*TASK INPUTS:*
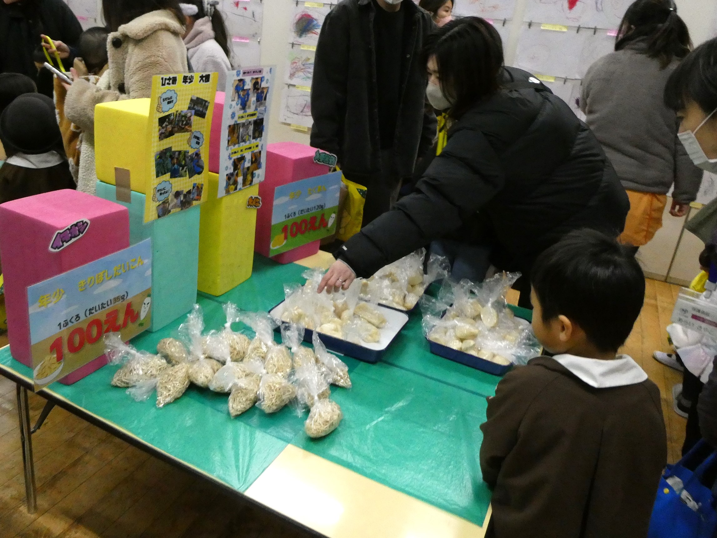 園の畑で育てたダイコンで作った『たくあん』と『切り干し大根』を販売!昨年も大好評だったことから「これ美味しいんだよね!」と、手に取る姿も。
...
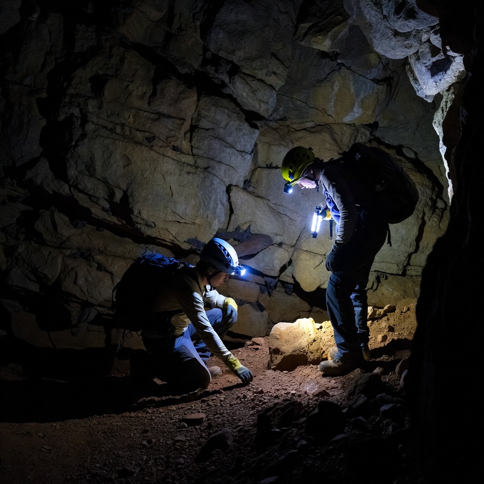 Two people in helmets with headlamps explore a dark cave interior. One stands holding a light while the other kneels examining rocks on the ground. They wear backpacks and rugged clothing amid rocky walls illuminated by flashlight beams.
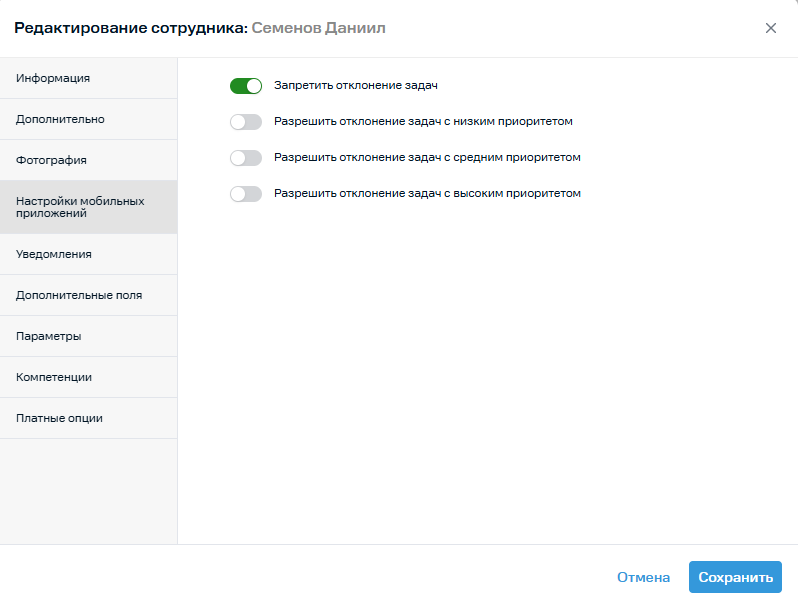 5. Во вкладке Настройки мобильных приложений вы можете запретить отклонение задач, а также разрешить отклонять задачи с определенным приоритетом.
...
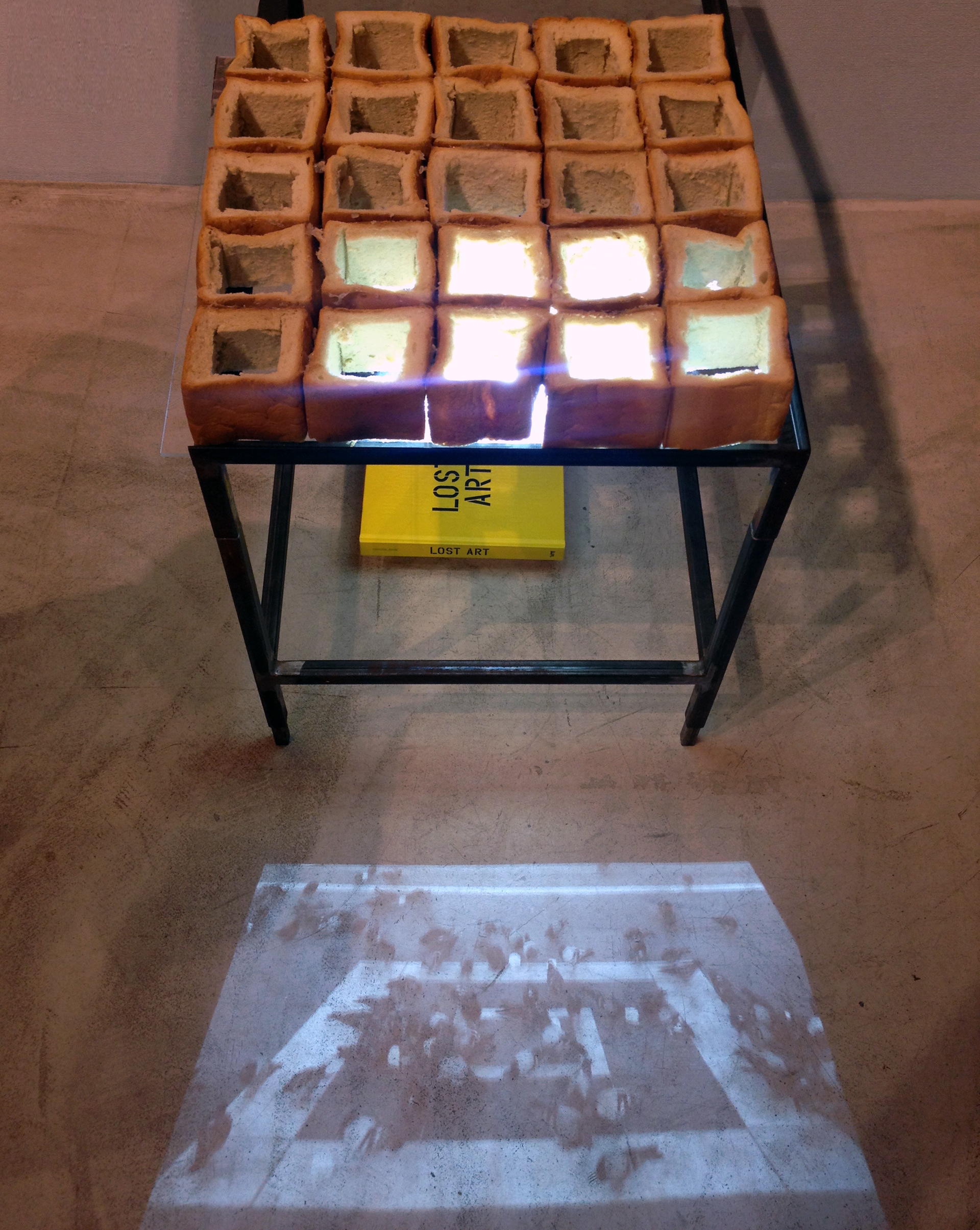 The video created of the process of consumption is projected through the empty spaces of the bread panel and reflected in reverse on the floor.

*TRY IT:* Copy back exactly the lines above from the one containing "Two people in" through the one containing "5. Во вкладке", and leave every picture behind.

*SOLUTION TO THIS TASK:*
 Two people in helmets with headlamps explore a dark cave interior. One stands holding a light while the other kneels examining rocks on the ground. They wear backpacks and rugged clothing amid rocky walls illuminated by flashlight beams.
 5. Во вкладке Настройки мобильных приложений вы можете запретить отклонение задач, а также разрешить отклонять задачи с определенным приоритетом.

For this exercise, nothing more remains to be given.